**AIM OF THE TASK:**
Transcribe nothing except the lines below that run from the one with "cảnh đại lễ |" to the one with "These 925 sterling", ends included, and do not copy any picture.

Collection entries:

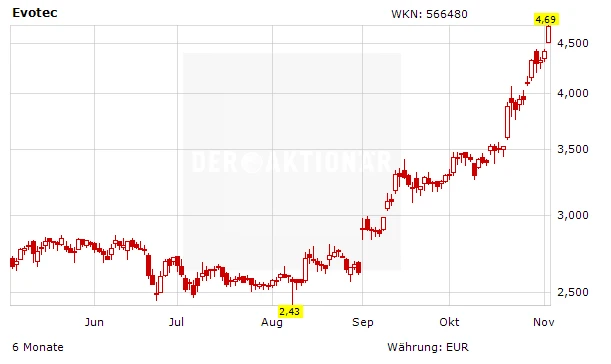 Die Aktie von Evotec ist derzeit der absolute Liebling unter den deutschen Biotech-Anlegern. Nahezu ohne Pause klettert der Wert von einem Jahreshoch zum nächsten. Auch zum Auftakt der neuen Woche hat die Aktie wieder Gas gegeben und ist am Ende mit einem Plus von mehr als sieben Prozent auf 4,75 Euro aus dem Handel gegangen. Damit war Evotec der mit Abstand größte Gewinner im TecDAX.
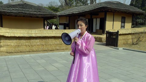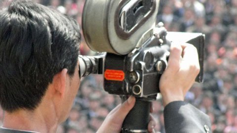 | Một người Triều Tiên quay phim ghi lại cảnh đại lễ |
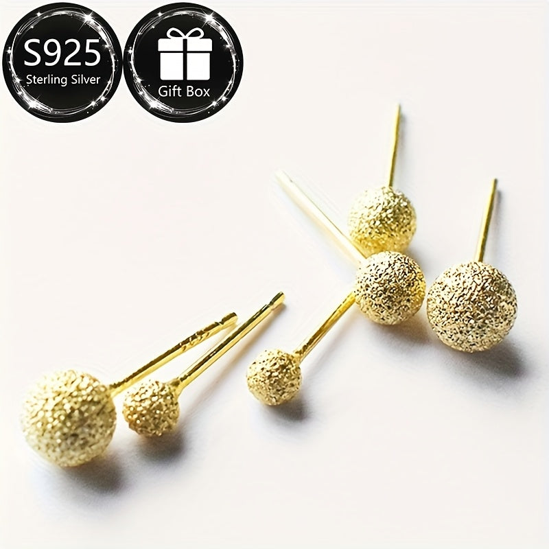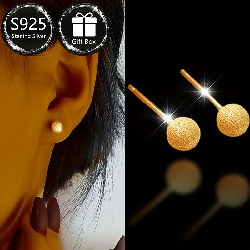 These 925 sterling silver ear studs feature a stylish design with a 14K golden plated spherical accent. Perfect for daily wear and special occasions, these earrings add a touch of elegance to any outfit.
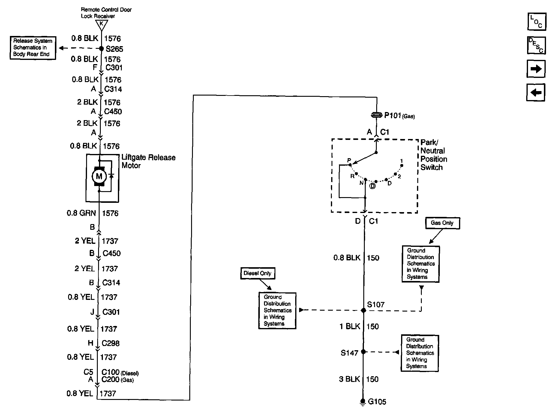 Keyless Entry Schematics (Except Luxury): Liftgate Release Motor:
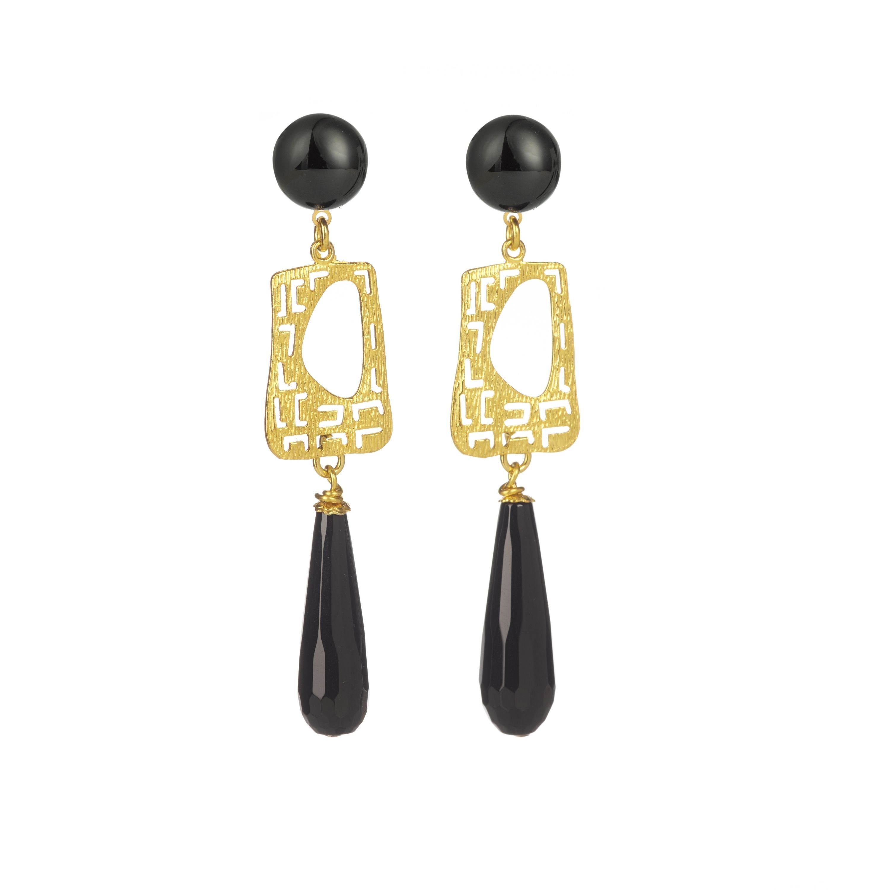 Elles sont en laiton doré à l’or fin 24 carats, avec ses pierres naturelles : agate noire et onyx.
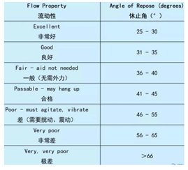 安息角又称休止角,是粉体堆积层的自由斜面在静止的平衡状态下,与水平面所形成的最大角。常用的测量方法是固定圆锥法,即将粉体注入到某一有限直径的圆盘中心上,直到粉体堆积层斜边的物料沿圆盘边缘自动流出为止,停止注入,测定休止角。一般来说,粉体的粒径越小,粉体之间的作用力越强,休止角越大。![]()
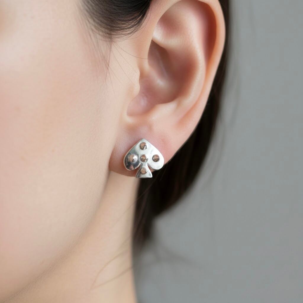 トランプの「スペード」をモチーフに、計算された配置でスパイク(棘)をデコレートした、パンク・ロックな精神を感じさせるスタッドピアス。
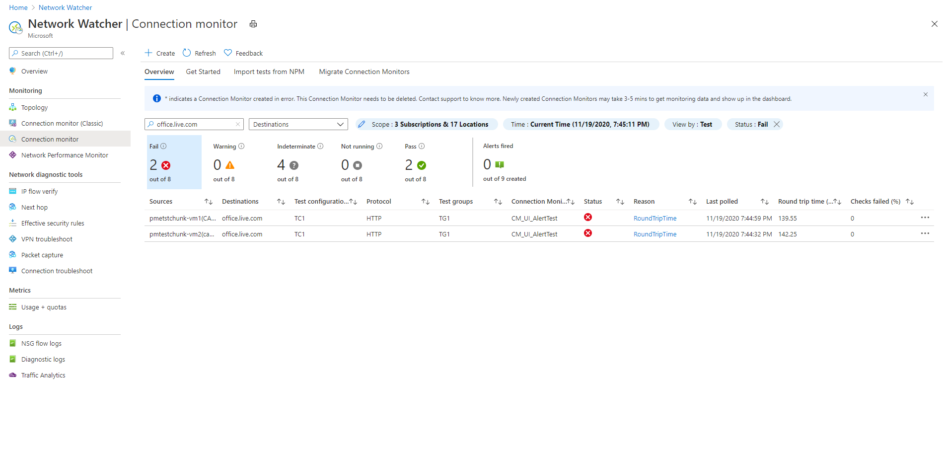 创建连接监视器后,源会根据测试配置来检查与目标的连接。
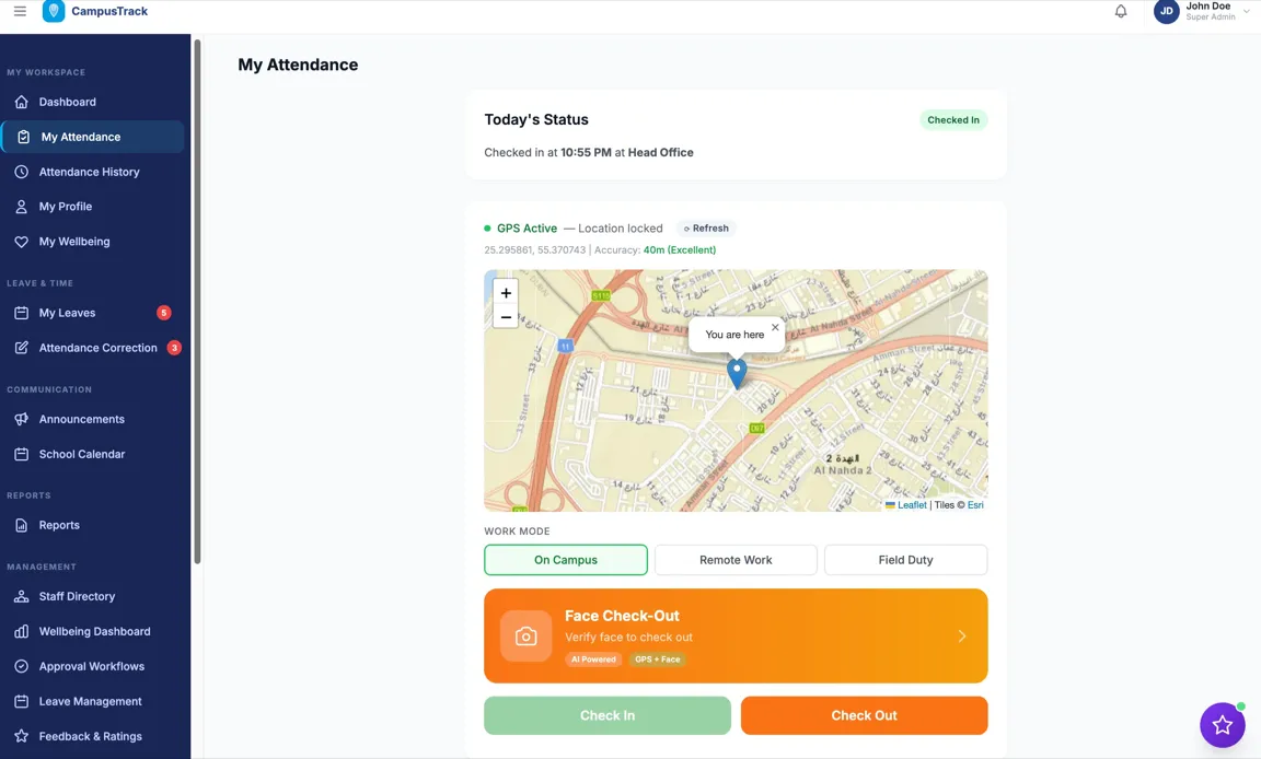 CampusTrack uses GPS geofencing with face recognition to deliver accurate, hardware-free attendance across multiple sites.

**THE ANSWER:**
 | Một người Triều Tiên quay phim ghi lại cảnh đại lễ |
 These 925 sterling silver ear studs feature a stylish design with a 14K golden plated spherical accent. Perfect for daily wear and special occasions, these earrings add a touch of elegance to any outfit.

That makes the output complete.